Ainsi, la détention frontalière s’inscrit-elle résolument dans le cadre spatial de la globalisation, dans une nouvelle distribution du pouvoir qui passe par l’accès à la mobilité (Bauman 1998) et s’exerce selon une ligne de domination des pays d’« accueil » occidentaux sur les pays « de départs ». Ce qui nous permet d’avancer dans l’analyse est la reconnaissance toutefois que ce pouvoir n’est pas seulement ce qui entrave, prive et impose ses interdits à ceux qui ne l’ont pas. Sur sa ligne dure, il peut l’être, pour Djibril Ba ou Kadiatou Fassi; mais tout comme les sujets qui en font l’expérience, il circule : « il les investit, passe par eux et à travers eux; il prend appui sur eux, tout comme eux-mêmes, dans leur lutte contre lui, prennent appui à leur tour sur les prises qu’il exerce sur eux. » (Foucault 1975: 31). L’approche empirique des situations invite ainsi à nuancer la lecture en déplaçant les enjeux en deçà des effets de domination – bien réels, mais non exhaustifs. Or, de façon un peu paradoxale, voilà que cet exercice de nuance et d’appréciation nous

entraîne sur un champ de bataille perpétuel en réinvestissant les enjeux politiques du maintien au plus intime des sujets.
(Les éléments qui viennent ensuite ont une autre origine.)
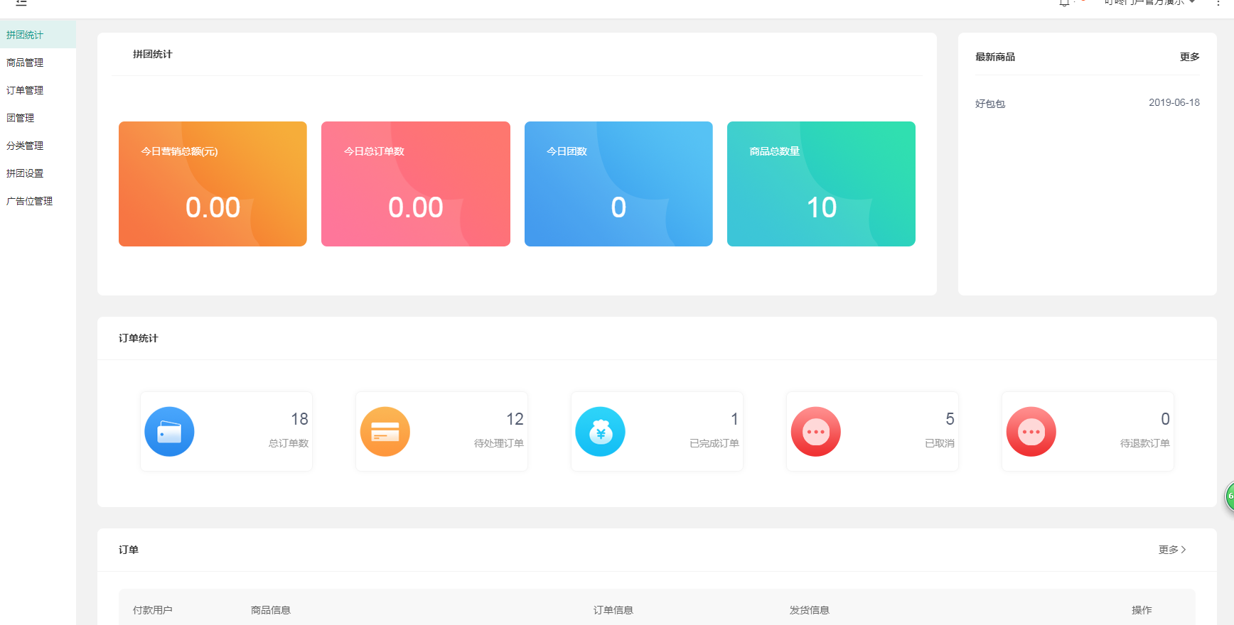 ### 拼团统计  拼团功能,和拼团多多差不多,一个商品几个人团购
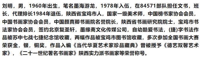 纵观刘明老师的书法艺术,四十余年的深耕,使其在技法上臻于完善,在境界上不断升华。他以传统为根,以笔墨为媒,以性情为魂,将碑帖的骨力、文人的雅韵与时代的气息相融,形成了雄浑洒脱、刚柔并济的个人风格。其作品中,既有技法的精妙考究,又有精神的高远追求;既有文化的深厚积淀,又有情怀的真挚表达。在当代书坛,这样的作品无疑具有极高的艺术价值与收藏意义,更为传统书法艺术的传承与创新提供了有益的启示——唯有坚守根脉、深耕不辍,方能让笔墨之花在时代土壤中绽放出永恒的光彩。而刘明老师对书道的赤诚与对初心的坚守,也将激励更多后来者在传统艺术的道路上步履不停,薪火相传。
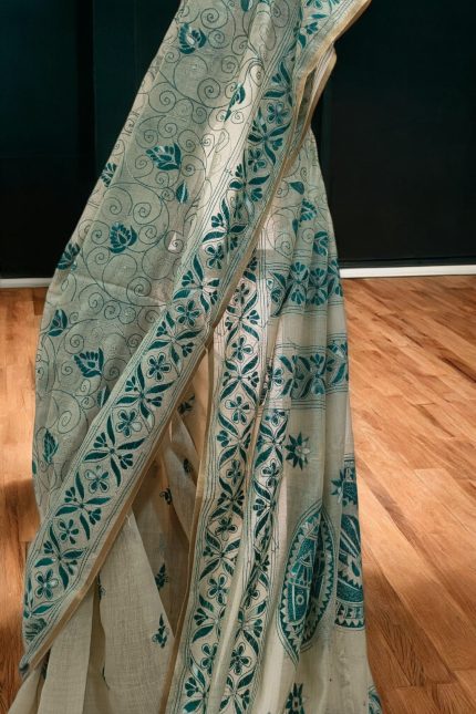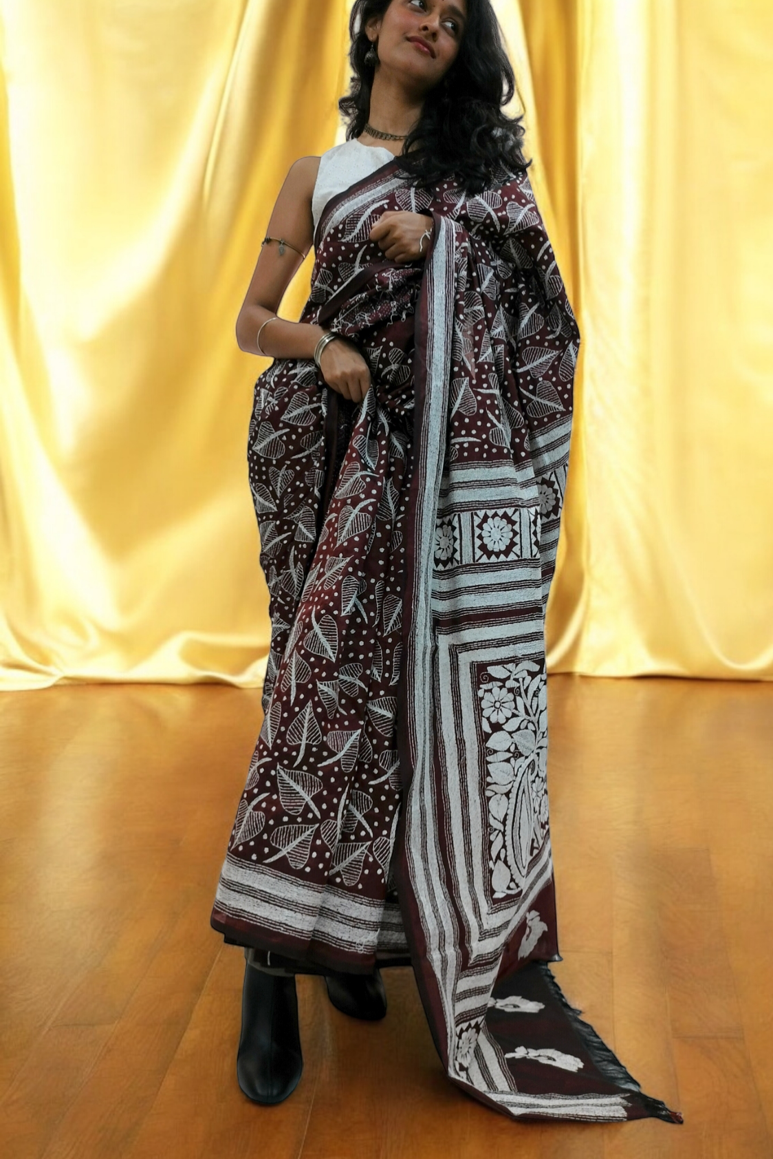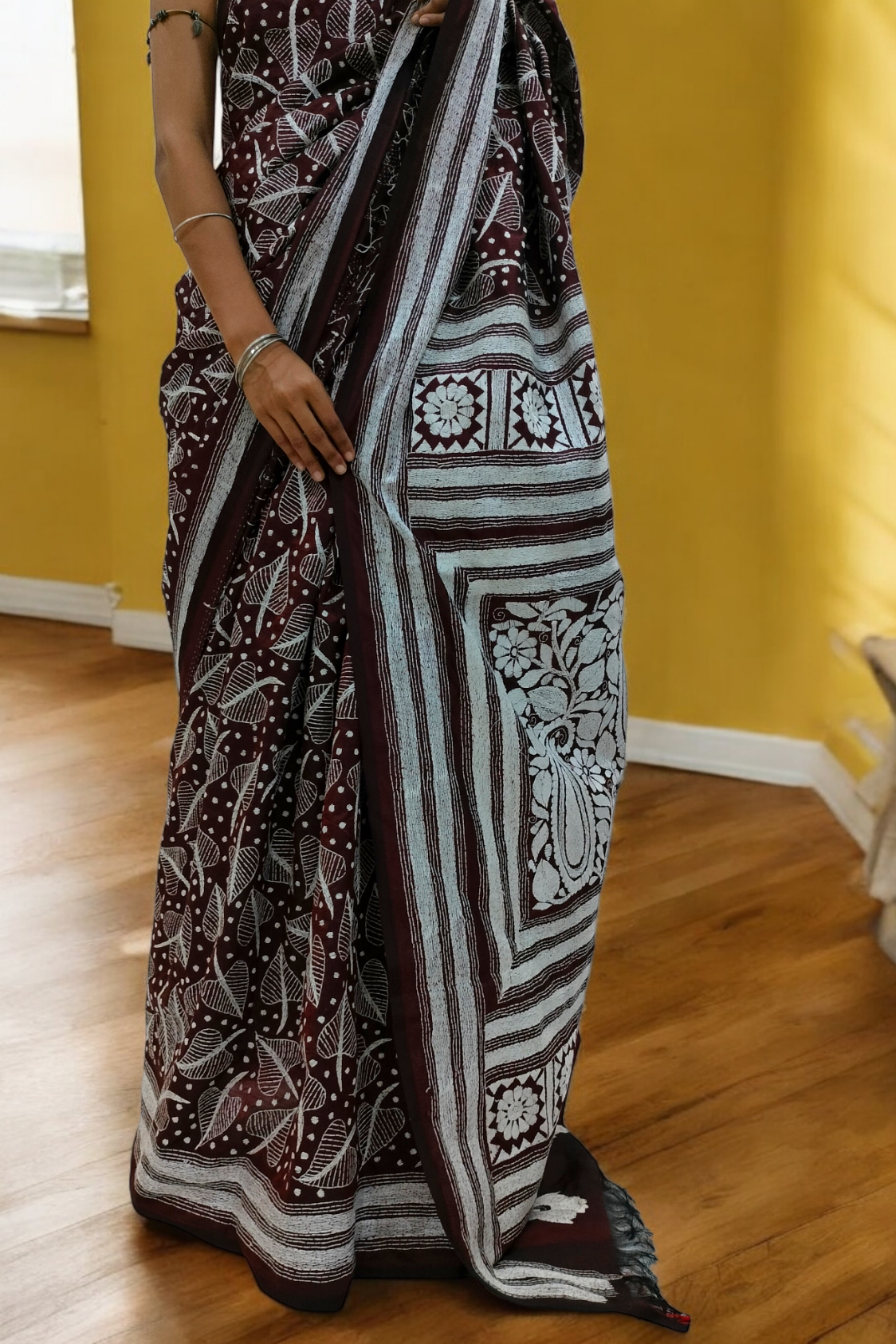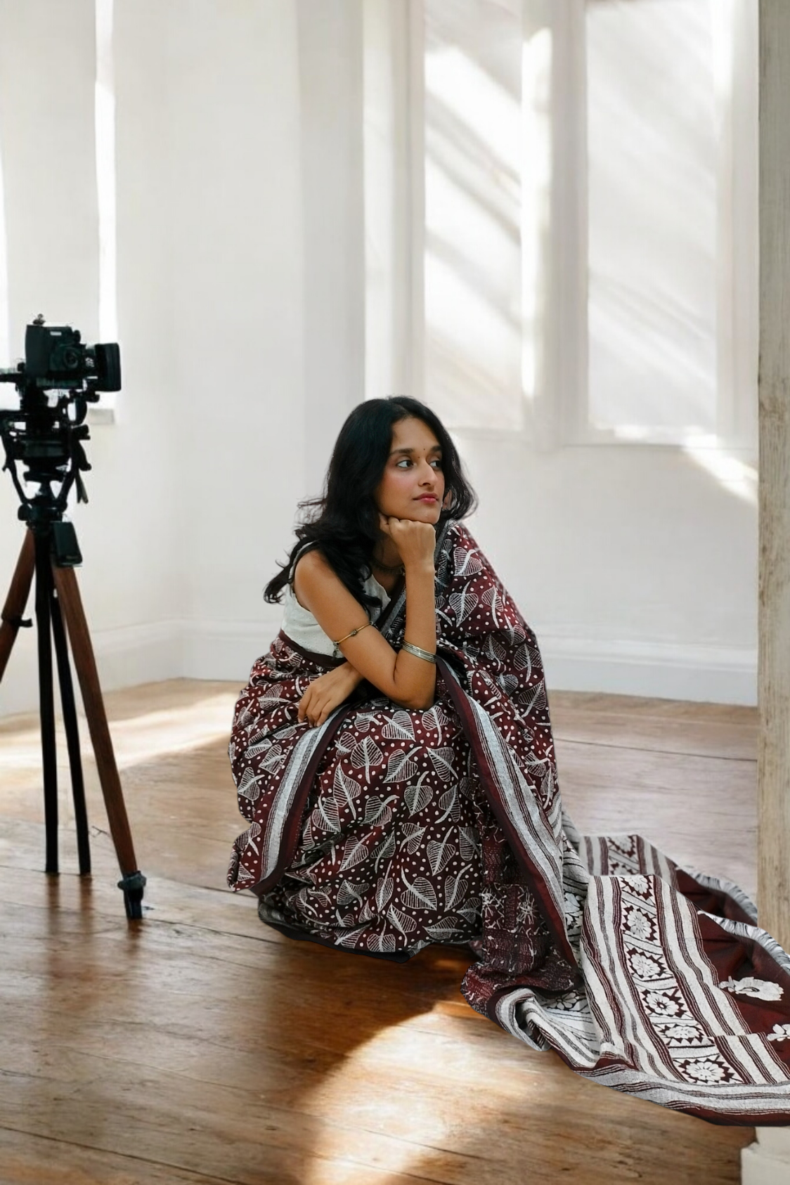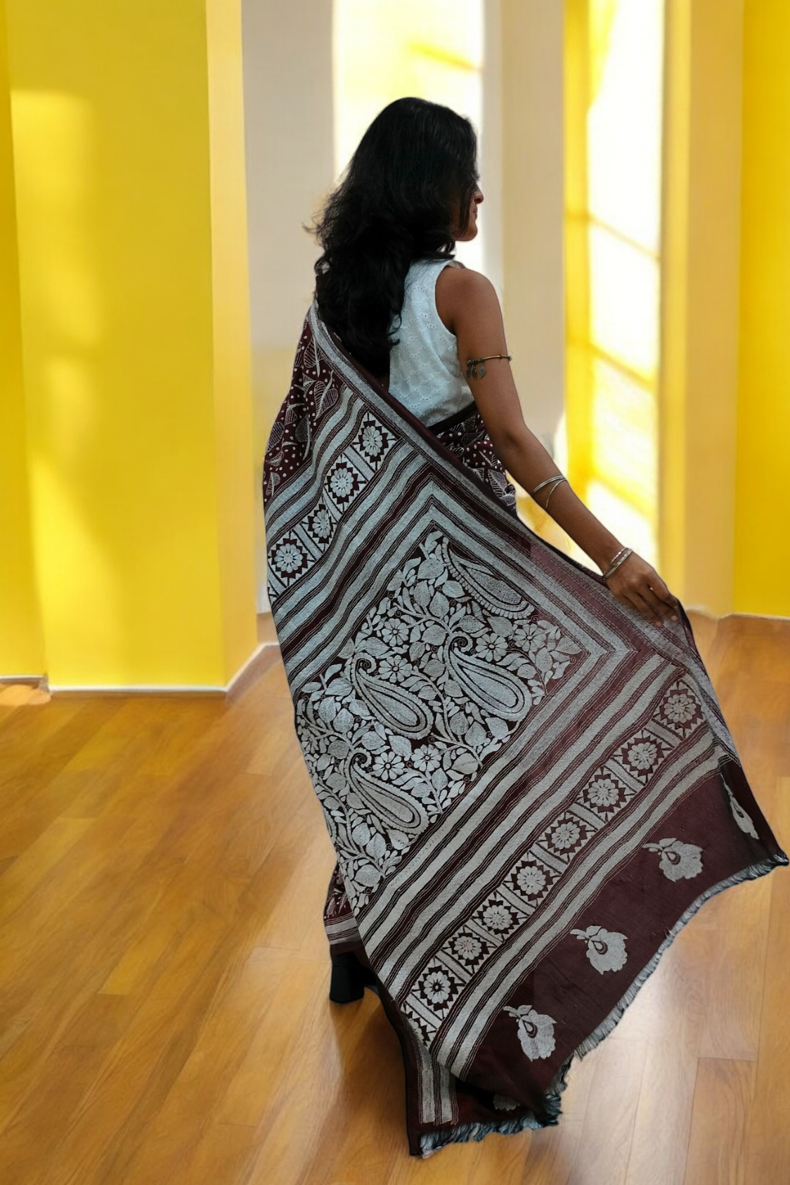 A beautiful Maroon Semi Silk Kantha Embroidery Saree with its intricate leaf motif design throughout the saree. The sari comes with a running blouse piece with Kantha embroidery border.
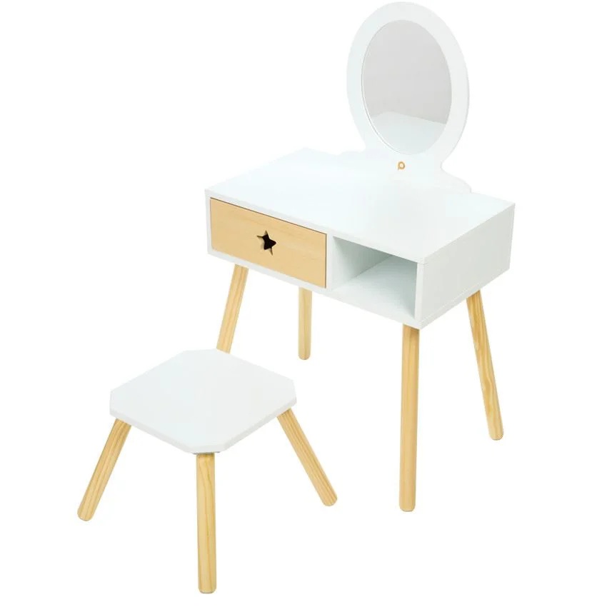 Măsuță de toaletă pentru copii cu oglindă și taburet – elegantă și funcțională | Ideală pentru camera micuței tale
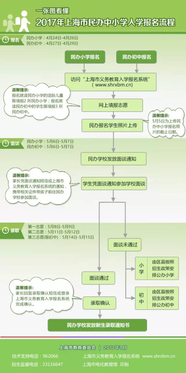 今年本市義務(wù)教育階段民辦學(xué)校招生依然堅(jiān)持“三統(tǒng)一、兩限定、兩公開、三承諾”(統(tǒng)一網(wǎng)上報名時間、統(tǒng)一面談時間、統(tǒng)一按志愿分批次錄取時間;嚴(yán)禁民辦中小學(xué)計(jì)劃外招生,無住宿條件的民辦中小學(xué)限定在本區(qū)縣內(nèi)招生,每個適齡兒童限報民辦小學(xué)2個志愿、民辦初中3個志愿;公開招生簡章、公開面談過程;在招生簡章中明示:不提前開展報名和面談工作、不收取各種特制的學(xué)生個人簡歷及各類獲獎證書、不與任何社會教育培訓(xùn)機(jī)構(gòu)掛鉤)。4月24日~26日,接受民辦小學(xué)網(wǎng)上報名;4月27日~29日,接受民辦初中網(wǎng)上報名,登錄“上海市義務(wù)教育入學(xué)報名系統(tǒng)”,點(diǎn)擊“民辦小學(xué)報名”或“民辦初中報名”進(jìn)行網(wǎng)上報名。家長在民辦學(xué)校網(wǎng)上報名成功后,須于5月5日前在“上海市義務(wù)教育入學(xué)報名系統(tǒng)”的“民辦報名學(xué)生照片上傳”欄目中按規(guī)定要求上傳學(xué)生本人照片(未上傳照片的不能參加面談)。全市民辦中小學(xué)統(tǒng)一的面談時間為5月6日~7日。5月8日起實(shí)施民辦學(xué)校按志愿分批次錄取。學(xué)生家長應(yīng)在規(guī)定的時間內(nèi),通過回復(fù)短信或登錄“上海市義務(wù)教育入學(xué)報名系統(tǒng)”及時完成確認(rèn)工作。
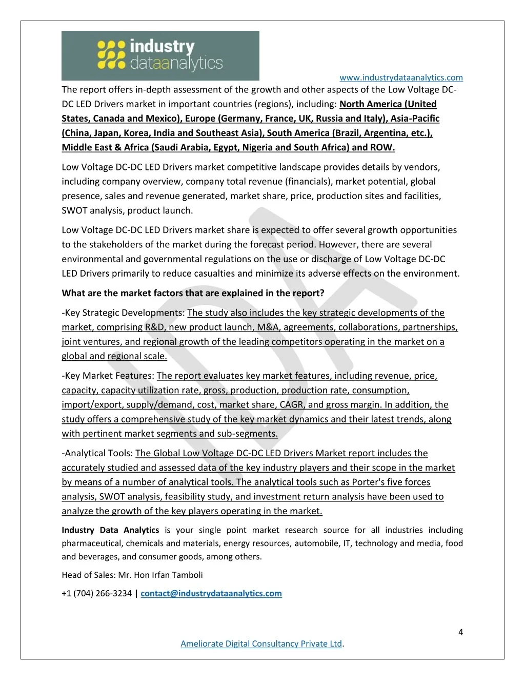 www.industrydataanalytics.com The report offers in-depth assessment of the growth and other aspects of the Low Voltage DC- DC LED Drivers market in important countries (regions), including: North America (United States, Canada and Mexico), Europe (Germany, France, UK, Russia and Italy), Asia-Pacific (China, Japan, Korea, India and Southeast Asia), South America (Brazil, Argentina, etc.), Middle East & Africa (Saudi Arabia, Egypt, Nigeria and South Africa) and ROW. Low Voltage DC-DC LED Drivers market competitive landscape provides details by vendors, including company overview, company total revenue (financials), market potential, global presence, sales and revenue generated, market share, price, production sites and facilities, SWOT analysis, product launch. Low Voltage DC-DC LED Drivers market share is expected to offer several growth opportunities to the stakeholders of the market during the forecast period. However, there are several environmental and governmental regulations on the use or discharge of Low Voltage DC-DC LED Drivers primarily to reduce casualties and minimize its adverse effects on the environment. What are the market factors that are explained in the report? -Key Strategic Developments: The study also includes the key strategic developments of the market, comprising R&D, new product launch, M&A, agreements, collaborations, partnerships, joint ventures, and regional growth of the leading competitors operating in the market on a global and regional scale. -Key Market Features: The report evaluates key market features, including revenue, price, capacity, capacity utilization rate, gross, production, production rate, consumption, import/export, supply/demand, cost, market share, CAGR, and gross margin. In addition, the study offers a comprehensive study of the key market dynamics and their latest trends, along with pertinent market segments and sub-segments. -Analytical Tools: The Global Low Voltage DC-DC LED Drivers Market report includes the accurately studied and assessed data of the key industry players and their scope in the market by means of a number of analytical tools. The analytical tools such as Porter's five forces analysis, SWOT analysis, feasibility study, and investment return analysis have been used to analyze the growth of the key players operating in the market. Industry Data Analytics is your single point market research source for all industries including pharmaceutical, chemicals and materials, energy resources, automobile, IT, technology and media, food and beverages, and consumer goods, among others. Head of Sales: Mr. Hon Irfan Tamboli +1 (704) 266-3234 | contact@industrydataanalytics.com 4 Ameliorate Digital Consultancy Private Ltd.
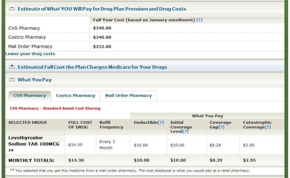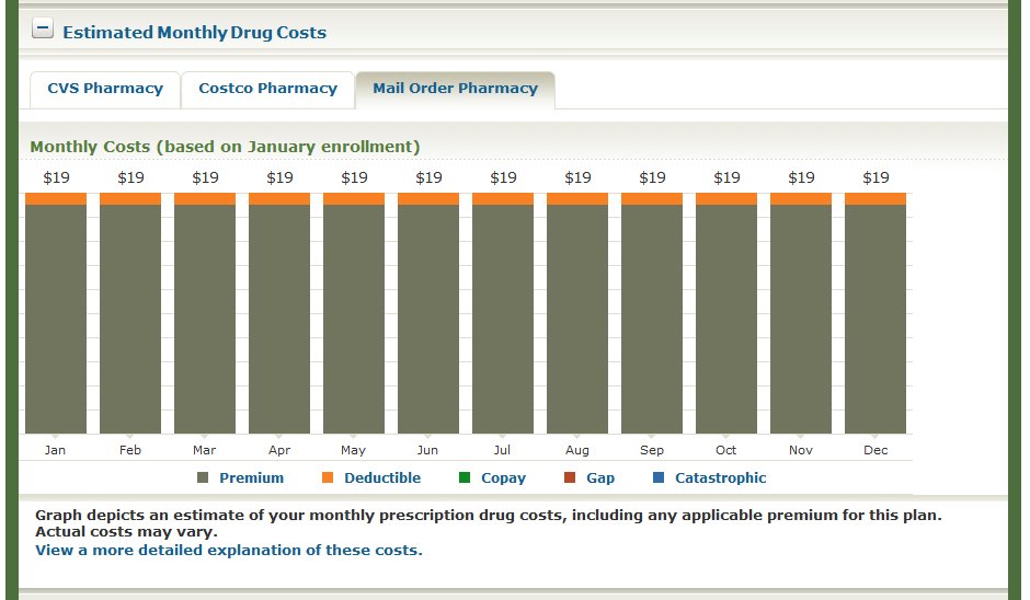 The previous window shows the estimated monthly cost (premium and deductible) for prescriptions through a mail order pharmacy.
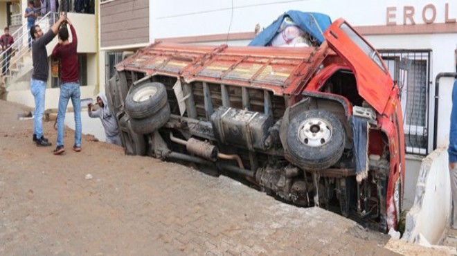 Şanlıurfa'da Ahmet Yesevi Mahallesi'nde ev eşyası yüklenen park halindeki kamyonet, freninin boşalması sonucu hareket etti.
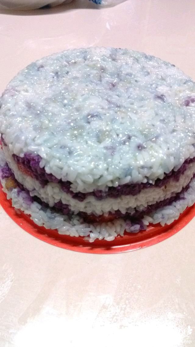 5.放一层糯米,压紧一层。(一定要压实)

Identifier des processus de subjectivation suppose en premier lieu une approche qui reconnaît des rapports de pouvoir et des techniques de domination, auxquelles elle accorde une puissance structurante, tout en refusant donc d’autre part de lire ces techniques et ces rapports en termes d’aliénation, dans la mesure où la subjectivité est donnée (et d’abord à elle-même) dans le moment même de sa subordination. La subjectivation évoque le fait que les individus se constituent en « sujets moraux et politiques » dans le mouvement même par lequel ils sont assujettis à l’exercice d’un pouvoir (Foucault 1975). Or, les trajets évoqués plus haut montrent bien comment cet assujettissement paradoxal (puisque les sujets du gouvernement lui sont « étrangers » et que l’objet du gouvernement est leur rejet – mais est-ce seulement cela?) se construit dans des relations de contrôle et de riposte, à travers les stratégies que mobilisent ou qu’inventent en situation les maintenus pour répondre à ceux du contrôle frontalier, en investissant le champ – juridique, humanitaire — dans lequel celui-ci opère.

Dans ce jeu de contrôle et de fuites, les lignes individuelles tracées par chaque maintenu, dans les failles ou à l’encontre d’un régime global de circulation conçu pour le tenir à distance, offrent un éclairage particulier sur ce régime, en révélant d’où partent et où s’inscrivent certaines pratiques de gestion, de qualification, de suivi, de sélection par lesquelles il procède. « Plutôt que d’analyser le pouvoir du point de vue de sa rationalité interne, il s’agit d’analyser les relations de pouvoir à travers l’affrontement des stratégies » (Foucault 2001c). Bien que le programme de guerre énoncé par Foucault semble poser le pouvoir comme premier, les techniques du contrôle dessinant le champ où se joue la résistance (et que celle-ci dévoile à l’observation), l’épaisseur historique et sociale dans laquelle s’inscrivent ces rapports apporte une nouvelle complexité. En effet, il reste à comprendre pourquoi et comment le contrôle frontalier s’est institué précisément à travers le régime juridique et humanitaire qu’esquissent les parcours évoqués : quelles sont les résistances civiles, quels sont les enjeux spécifiques du gouvernement démocratique qui ont construit la question du contrôle migratoire – et les effets de domination globale qui lui sont

liés – dans la forme spécifique de ce régime sécuritaire et humanitaire de contrôle à Roissy? Cette question est finalement celle de laquelle partira l’analyse de la zone d’attente.